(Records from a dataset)
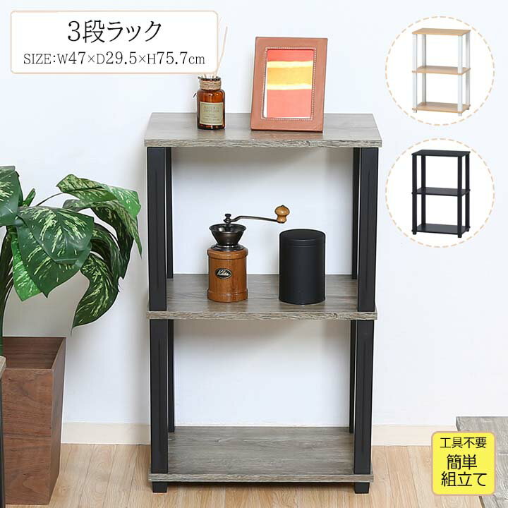 3段ラック[fbc] 幅47x奥行29.5x高さ75.7cm 3段 ラック 工具不要 簡単 組立て 収納 ディスプレイ リビング ダイニング 寝室 子供部屋 整理 オープンラック ホワイト ブラウン ブラック
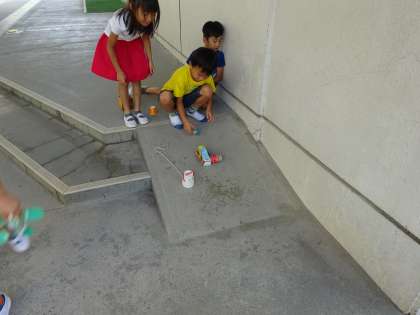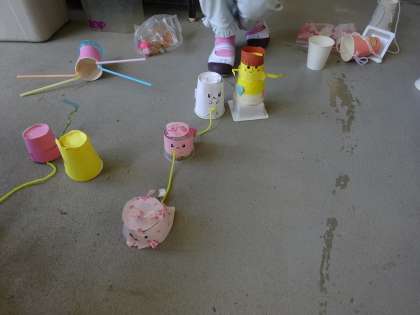 今日は、作った作品にコロコロエンジンをつけて、坂道を転がして遊びました。
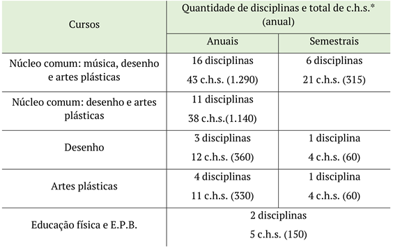 Os cursos de educação artística tinham um núcleo de disciplinas comum às três habilitações, conforme Quadro 3, na maioria estruturadas no primeiro e segundo ano da graduação. Dentre elas, 16disciplinas anuais que perfaziam 43 horas semanais (1440 horas anuais): HA401-Estética e História da Arte I (3h),HA405-Desenho Artístico I (3h), Formas de Expressão e Comunicação Artística I, II, III e IV (HA428, HA429, HA430 e HA431) com 3 horas semanais cada, HA436-Arte Popular no Brasil B (3h), HA439-História da Arte Brasileira B (2h), HA440-Expressão em Volume A (3h), HA441-Dança I (2h), HA460-Flauta Doce I (2h),HL423-Literatura Aplicada ao Ensino (3h);HL429-Semiótica e Comunicação A (2h),HC445-Fotografia A (3h),HC450-Cinema I (3h), HF402-Estética A (2h).E6disciplinas semestrais que totalizavam 21 horas semanais: EP001-Estrutura e Funcionamento do Ensino do 1º e 2º graus (4h), ET014-Psicologia da Educação IV (4h), EM001-Didática I (4h), EM032-Prática do Ensino de Educação Artística (4h), EB021-Orientação Bibliográfica (1h) e EM039-Metodologia do Ensino de Artes (4h).Ainda como núcleo comum às três habilitações, soma-se a carga horária de Educação Física (90 horas anuais) e Estudo de Problemas Brasileiros - E.P.B. (60 horas anuais).
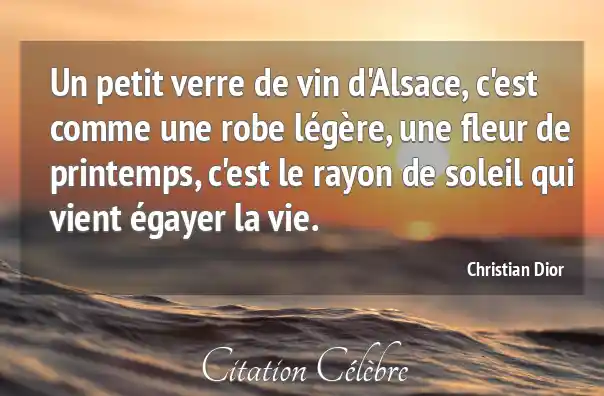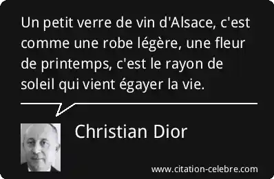 Un petit verre de vin d'Alsace, c'est comme une robe légère, une fleur de printemps, c'est le rayon de soleil qui vient égayer la vie.
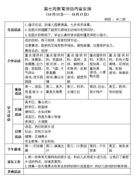 第七周教育活动内容安排
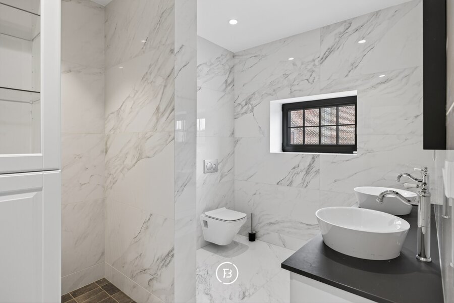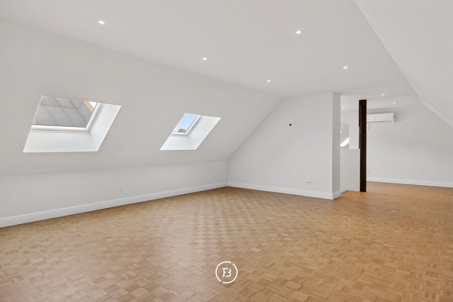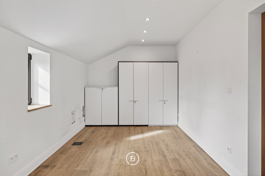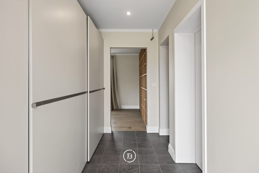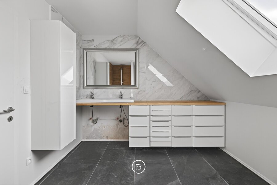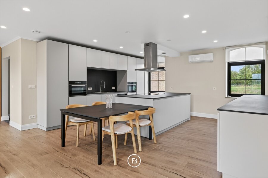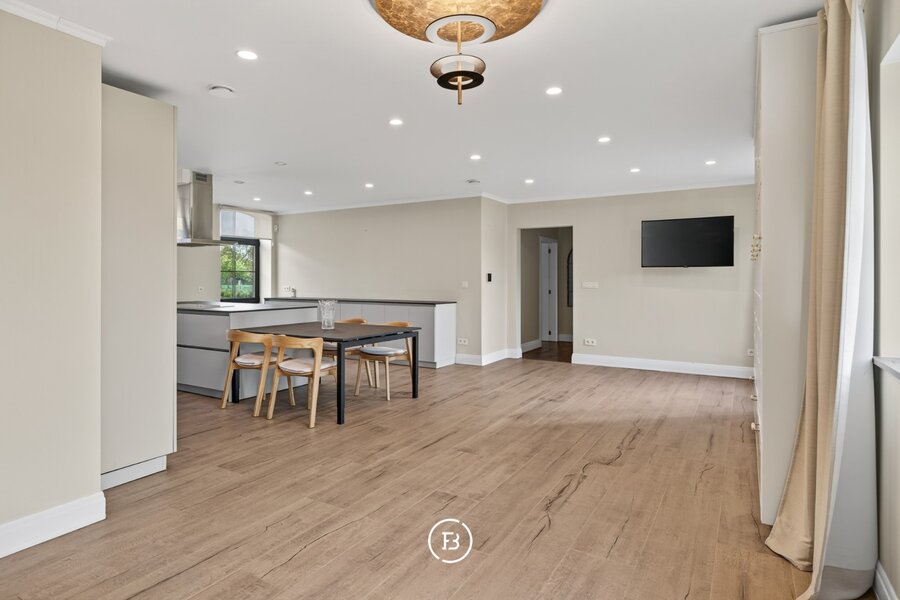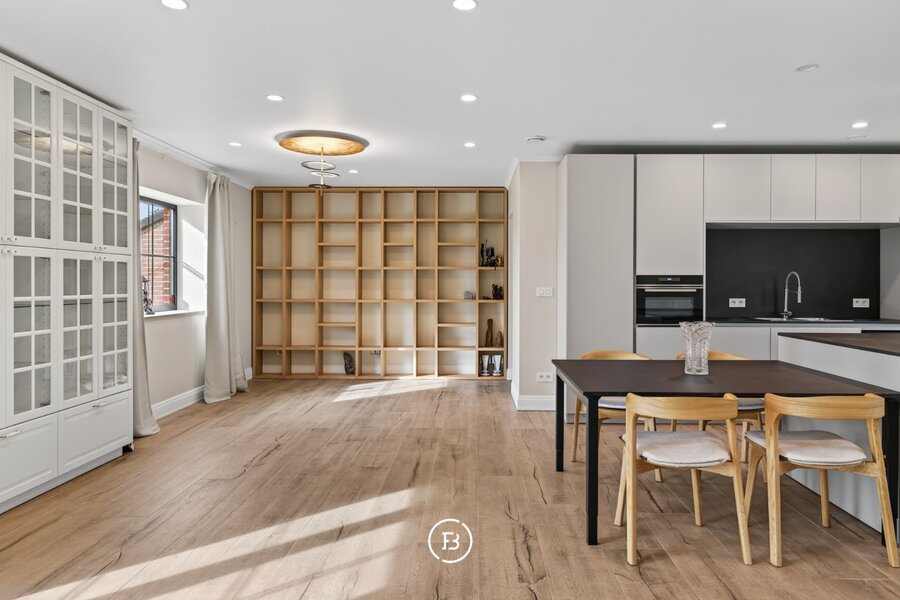 De woning beschikt over drie volwaardige slaapkamers en twee badkamers, waarvan één met een vrijstaand bad en één met een ruime inloopdouche. De leefruimte is open en licht, met een opvallende maatkast die zorgt voor extra karakter. De keuken sluit hier naadloos op aan en is volledig uitgerust, met voldoende plaats voor een eethoek.
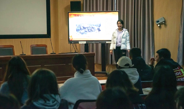一名学生在“永远跟党走”主题班会上分享道:“油画《开国大典》由名家董希文于1953年所做,该画描述了1949年10月1日,毛泽东在天安门城楼上宣读中央人民政府公告,宣告中华人民共和国成立的一刻。”这是美术学院辅导员文雯开展主题班会“探寻篇(画中党史)”的精彩一幕。
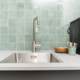In deze vakantiewoning zijn keuken, trap, trapkast en balustrade in dezelfde zachte groentint uitgevoerd. Zo ontstaat een licht, fris en modern geheel waarin de beperkte ruimte optimaal benut wordt.

> Exercise
Pictures are to be left out; all else in the entries above is to be quoted exactly.

> Completed exercise
 3段ラック[fbc] 幅47x奥行29.5x高さ75.7cm 3段 ラック 工具不要 簡単 組立て 収納 ディスプレイ リビング ダイニング 寝室 子供部屋 整理 オープンラック ホワイト ブラウン ブラック
 今日は、作った作品にコロコロエンジンをつけて、坂道を転がして遊びました。
 Os cursos de educação artística tinham um núcleo de disciplinas comum às três habilitações, conforme Quadro 3, na maioria estruturadas no primeiro e segundo ano da graduação. Dentre elas, 16disciplinas anuais que perfaziam 43 horas semanais (1440 horas anuais): HA401-Estética e História da Arte I (3h),HA405-Desenho Artístico I (3h), Formas de Expressão e Comunicação Artística I, II, III e IV (HA428, HA429, HA430 e HA431) com 3 horas semanais cada, HA436-Arte Popular no Brasil B (3h), HA439-História da Arte Brasileira B (2h), HA440-Expressão em Volume A (3h), HA441-Dança I (2h), HA460-Flauta Doce I (2h),HL423-Literatura Aplicada ao Ensino (3h);HL429-Semiótica e Comunicação A (2h),HC445-Fotografia A (3h),HC450-Cinema I (3h), HF402-Estética A (2h).E6disciplinas semestrais que totalizavam 21 horas semanais: EP001-Estrutura e Funcionamento do Ensino do 1º e 2º graus (4h), ET014-Psicologia da Educação IV (4h), EM001-Didática I (4h), EM032-Prática do Ensino de Educação Artística (4h), EB021-Orientação Bibliográfica (1h) e EM039-Metodologia do Ensino de Artes (4h).Ainda como núcleo comum às três habilitações, soma-se a carga horária de Educação Física (90 horas anuais) e Estudo de Problemas Brasileiros - E.P.B. (60 horas anuais).
 Un petit verre de vin d'Alsace, c'est comme une robe légère, une fleur de printemps, c'est le rayon de soleil qui vient égayer la vie.
 第七周教育活动内容安排
 De woning beschikt over drie volwaardige slaapkamers en twee badkamers, waarvan één met een vrijstaand bad en één met een ruime inloopdouche. De leefruimte is open en licht, met een opvallende maatkast die zorgt voor extra karakter. De keuken sluit hier naadloos op aan en is volledig uitgerust, met voldoende plaats voor een eethoek.
一名学生在“永远跟党走”主题班会上分享道:“油画《开国大典》由名家董希文于1953年所做,该画描述了1949年10月1日,毛泽东在天安门城楼上宣读中央人民政府公告,宣告中华人民共和国成立的一刻。”这是美术学院辅导员文雯开展主题班会“探寻篇(画中党史)”的精彩一幕。
In deze vakantiewoning zijn keuken, trap, trapkast en balustrade in dezelfde zachte groentint uitgevoerd. Zo ontstaat een licht, fris en modern geheel waarin de beperkte ruimte optimaal benut wordt.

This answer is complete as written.